A single number is the answer: the count of lines in these records with "Figure" in them.

| Data listing |
BEGIN
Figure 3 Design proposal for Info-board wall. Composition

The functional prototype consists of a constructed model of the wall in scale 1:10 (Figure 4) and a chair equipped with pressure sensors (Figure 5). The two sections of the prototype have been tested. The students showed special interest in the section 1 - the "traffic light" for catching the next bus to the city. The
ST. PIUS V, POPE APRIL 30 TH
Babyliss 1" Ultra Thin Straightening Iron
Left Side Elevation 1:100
END
BEGIN
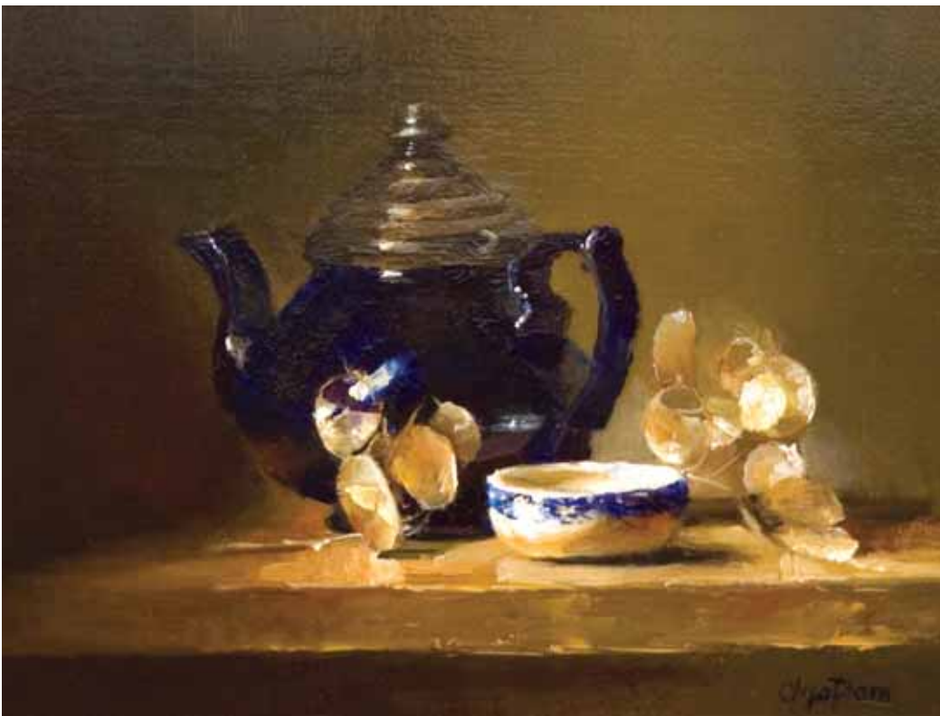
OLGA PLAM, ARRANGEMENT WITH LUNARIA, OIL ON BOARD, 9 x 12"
END
| Result |
2